Sturridge, who is expected to leave Anfield this summer when his current contract expires, also believes that the floodgates could now open, ushering in an era of trophy-laden success on Merseyside.
The 29-year-old was part of a team meeting last Wednesday, made up only of players and not coaching staff, where squad members discussed how they would respond to different scenarios against Tottenham Hotspur at the Wanda Metropolitano.
“We had a long talk as a group of players [on Wednesday] and I think that’s important too: to speak as a group of lads, without any staff involved, just the players hashing it out,” said Sturridge, who was an unused substitute in the final.
“We were all in there and if anyone wants to say anything, anyone can say what they want to say. It was just like: ‘Look, it’s our time, we’ve prepared ourselves as best we can.’
"It was just about if we go behind how do we deal with it, if we go ahead how do you deal with it? And we haven’t had those conversations before.
“And I feel like maybe before the Europa League final we didn’t prepare as well. Last season, we said: ‘We didn’t prepare well the season before and we have learnt’.

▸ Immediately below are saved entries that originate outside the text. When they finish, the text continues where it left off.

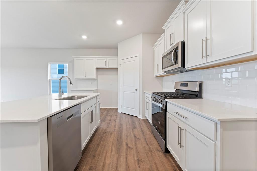 Welcome to Prairie Trace, where modern design meets timeless elegance in this exceptional home crafted by D.R. Horton, “America’s Builder.” This home stands out with James Hardie® siding and stone and shake shingle accents, providing both durability and timeless curb appeal. You'll be greeted with a three-rail, two-panel insulated front door that enhances both curb appeal and energy efficiency. Step inside to find a beautifully appointed interior with 9-foot ceilings that exude sophistication. The chef’s kitchen is the heart of the home, featuring 36-inch painted maple cabinets, quartz countertops, and state-of-the-art Whirlpool® stainless steel appliances. Bathrooms feature quartz-topped vanities and Moen® chrome faucets. The primary bath offers a 5-foot shower with a framed glass enclosure. This home is designed for the future with advanced Smart Home technology, including a Honeywell® Pro Z-Wave® Thermostat, Amazon Echo, and a connected home panel, allowing you to control and monitor your home from anywhere. Energy efficiency is prioritized with LED lighting throughout, a high-efficiency gas furnace, and insulated low E vinyl windows, ensuring comfort and savings year-round. Additional features such as luxury vinyl plank flooring, a spacious garage with opener(s), and detailed wiring solutions like dual data/TV lines in the main bedroom and family room, enhance both convenience and style. D.R. Horton’s commitment to quality is evident in every aspect of this home, offering you a place where luxury, technology, and comfort come together seamlessly. Don’t miss your chance to own this extraordinary home in Prairie Trace. Schedule your private tour today and experience the D.R. Horton difference!
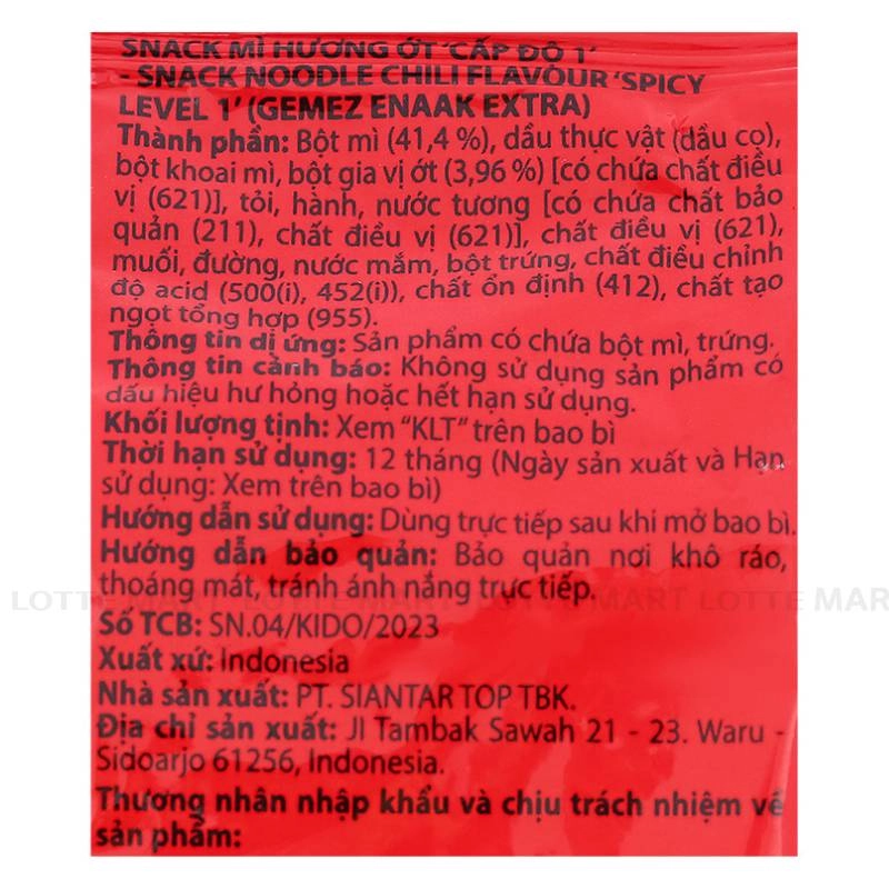 - Snack mì với vị ớt cay cấp độ 1, kích thích vị giác và tạo một cảm giác rất lạ miệng.
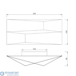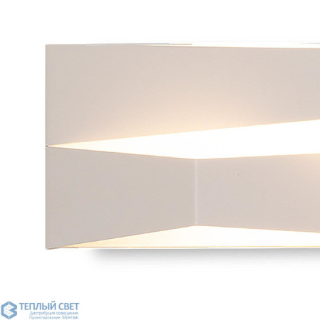 Настенный светильник с направленным вверх и вниз световым потоком, собранный из металлического корпуса сложной геометрии с изломами, формирующими щелевые выходы света. Монтируется на монтажную пластину, рассчитан на подключение к сети 220 В. Встроенный светодиодный источник мощностью 14 Вт даёт световой поток 1250 лм с тёплой температурой 3000 К, предусмотрена возможность диммирования. Габариты 330×150×90 мм задают горизонтально вытянутую форму с небольшим вылетом от стены. Белое матовое покрытие корпуса и плафона снижает блики и подчёркивает направленный характер освещения, что удобно для локальной подсветки стен в жилых помещениях площадью около 7 м².
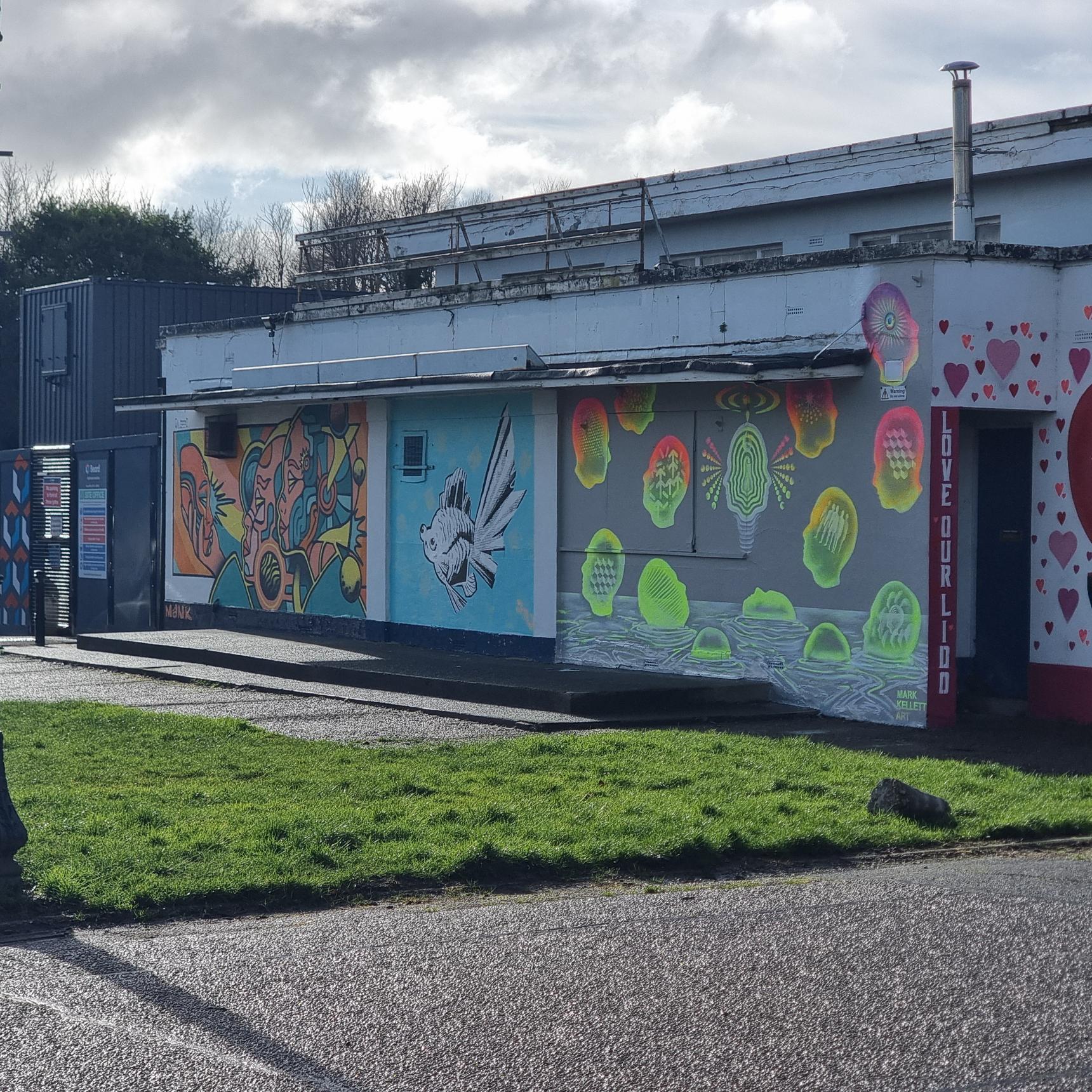 A collection of street art from the Look Up Portsmouth 2025 event at the Hilsea Lido. There's a lot to see all around the Lido.
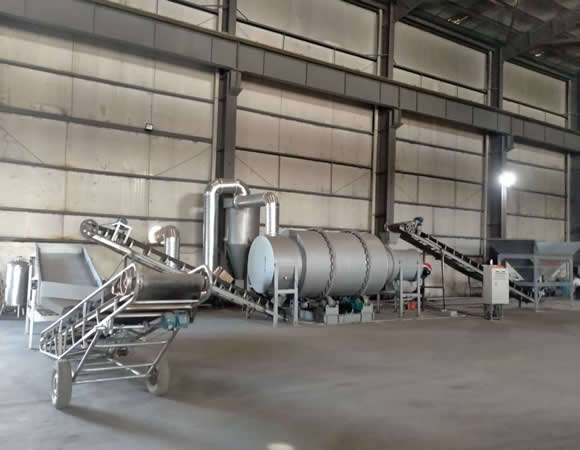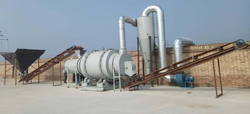 在筒體內(nèi)的石英砂會(huì)被內(nèi)部安裝的擋板,統(tǒng)稱(chēng)揚(yáng)料板揚(yáng)起,由于揚(yáng)料板設(shè)計(jì)的形式多樣,石英砂會(huì)在不同的高度被揚(yáng)起,形成錯(cuò)落的石英砂流,高溫氣流就從其中穿過(guò),增加了與石英砂的接觸時(shí)間和接觸面,使內(nèi)部的水分干燥更快,如此反復(fù)循環(huán)幾個(gè)回合之后,石英砂與水分徹底分離,水分受熱在筒體的頂部被風(fēng)機(jī)抽出,干燥的石英砂則從下料口出料。被抽出的高濕氣體種會(huì)含有一些石英砂粉末顆粒,排放到環(huán)境種會(huì)用污染,一般需要經(jīng)過(guò)旋風(fēng)除塵器過(guò)濾下即可。

"This year we have had two finals now, so you have learnt so much more. I think that’s what makes teams so successful. They have experienced it.”

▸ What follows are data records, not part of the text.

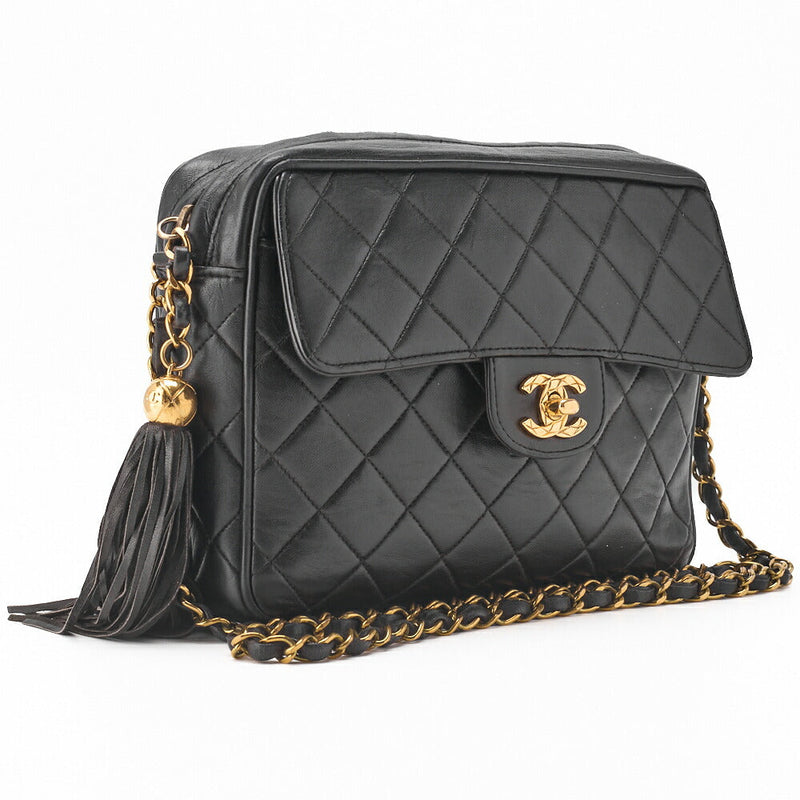 Pre-Owned Shoulder Bag Matelasse Outside Flap Fringe Chain Shoulder Lambskin Black Gold-Tone Hardware Pre-Owned
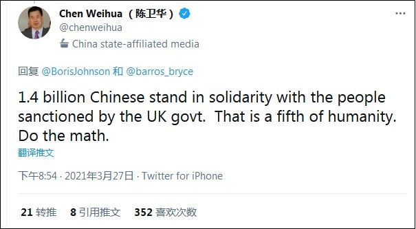 中國日報駐歐盟總部記者陳衞華就在約翰遜的推特下留言:“14億中國人堅定地支持被英國制裁的中國人,那是全人類數量的五分之一,你好好地算一算吧!”
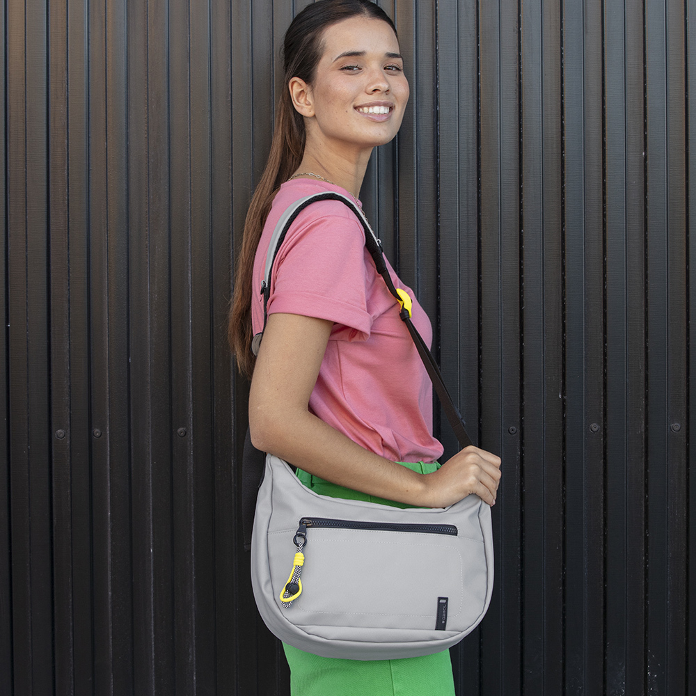 Prostrana i stilski upečatljiva, Gabol torba iz urbane kolekcije predstavlja savršen spoj modernog dizajna i visoke funkcionalnosti. Izrađena je od izuzetno izdržljivog materijala u svetlosivoj nijansi, sa prepoznatljivim polukružnim oblikom koji nudi veći kapacitet za svakodnevne potrebe. Torba omogućava besprekornu organizaciju kroz veliki prednji džep, prostranu glavnu pregradu i dodatni zadnji džep, svi osigurani robusnim crnim patent zatvaračima. Specifičan vizuelni identitet naglašen je neon-žutim detaljima, uključujući dekorativni privezak od kanapa i atraktivnu kopču na širokom, podesivom remenu koji osigurava maksimalnu udobnost pri nošenju. Sa unutrašnjom postavom i dodatnim džepom za dokumenta, ovaj model je idealan izbor za aktivne korisnike koji traže laganu, dugovečnu i moderno dizajniranu torbu za dinamičan život u gradu.
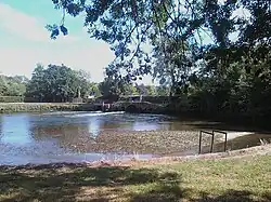 It has been suggested that the ponds are relics of the "2 fisheries" mentioned in the Domesday Book entry for the site.[47] The gardens and salmon pool were the subject of an oil painting by the neo-classical painter Adam Buck; the painting, measuring 35 inches by 57 inches, sold at auction at Sotheby's in London for £3,200 on 27 November 1974.[48] Some of Capability Brown's signature cedars of Lebanon still surround the house today.
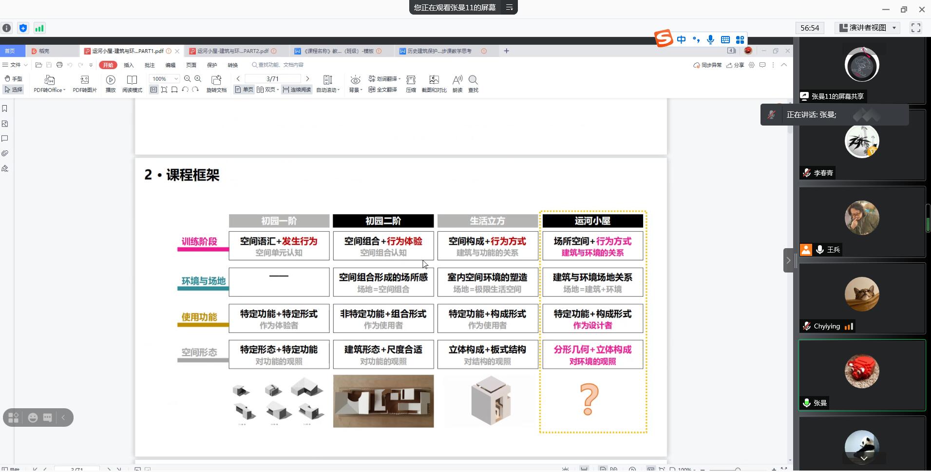 张曼老师介绍了一年级《设计初步》课程的题目设置内容,通过“运河小屋”等能够兼顾建筑遗产和建筑设计的题目,训练学生的对空间、场地的基本知识。杨一帆和马全宝老师介绍了二年级《建筑设计》课程,该课程题目通过不断的尝试与调正,逐渐固定了兼顾古建测绘、古建构造和建筑设计的四合院改造、文物建筑再利用等题目。齐莹老师介绍了三年级的设计课程,其中包括样式设计和历史街区改造与环境提升,从不同尺度、规模与社会人文环境培养学生的相关能力。

The Champions League trophy is manager Jurgen Klopp’s first while in charge of the club and Liverpool’s first since a League Cup triumph in 2012, predating Sturridge’s arrival by a year.

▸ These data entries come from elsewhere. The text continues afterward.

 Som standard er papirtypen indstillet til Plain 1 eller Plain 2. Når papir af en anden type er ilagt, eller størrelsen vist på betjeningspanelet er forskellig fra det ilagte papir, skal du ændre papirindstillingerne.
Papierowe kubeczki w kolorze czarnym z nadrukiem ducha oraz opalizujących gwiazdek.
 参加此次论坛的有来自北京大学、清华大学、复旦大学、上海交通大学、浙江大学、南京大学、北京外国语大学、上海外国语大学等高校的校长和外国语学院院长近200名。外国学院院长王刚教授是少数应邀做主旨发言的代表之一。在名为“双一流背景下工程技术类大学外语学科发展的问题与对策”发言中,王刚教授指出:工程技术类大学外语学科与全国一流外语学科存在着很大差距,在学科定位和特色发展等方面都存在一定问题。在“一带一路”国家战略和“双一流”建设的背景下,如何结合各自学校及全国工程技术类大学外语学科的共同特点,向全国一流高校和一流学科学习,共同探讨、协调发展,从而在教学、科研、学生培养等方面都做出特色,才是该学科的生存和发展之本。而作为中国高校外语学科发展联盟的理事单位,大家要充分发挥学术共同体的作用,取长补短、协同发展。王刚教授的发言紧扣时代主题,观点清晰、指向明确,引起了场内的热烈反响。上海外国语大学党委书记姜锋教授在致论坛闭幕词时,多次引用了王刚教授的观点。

Sturridge admitted that there were times when he wondered whether he would ever win silverware at Anfield, but he believes that Madrid could well prove to be a watershed moment in Klopp’s tenure and the club’s history.
“Once you win one, you hope the floodgates open and you continue winning. It’s that culture of getting over the finishing line,” he said.
“I’m just thinking the most difficult thing is winning a trophy with a manager that you have not won a trophy with before. It’s difficult, it’s not easy. So to be able to won the first trophy and understand ‘we can do it’. This group of players.
“There have been so many groups of players who have tried so hard to win something at Liverpool since the last time they lifted a big trophy – it’s been over ten years – so to be to do it... Come on man, we have to say that all the preparation we have done behind the scenes has paid off.”
Sturridge scored yet was on the losing side in Liverpool’s first European final under Klopp – the 2015 Europa League defeat to Sevilla, at St Jakob’s Park in Basel – but he believes that failure has only fuelled him and his team-mates in the years since.
“The difference is that the heartache never goes away,” he said, harking back to a night when Liverpool went ahead only to lose 3-1. “You always think about it. People were saying: ‘If we win we won’t think about it’ but you do.
“You always think: ‘What if? What could we have done differently, how can we prepare differently?’. There are so many different questions that you ask yourself.
“All the things when you lost, you take them into a game because you’ve learnt from them: all the pain, all the heartache you had prior to that. And when you come into a game like this, you go: ‘OK, cool’. You come in at half time and you talk different.”
Sturridge would not be drawn on the subject of his future, though with wages of around £150,000-a-week and just eight starts this season, his six-year stay at Anfield is all but certainly drawing to a close.
“I don’t even want to talk about all that stuff,” he said. “I feel like it has been an incredible time and I am not going to talk about next season or anything.
“What’s important now is celebrating something so momentous, something we were striving for, working for for a long time. To finally win something is amazing.”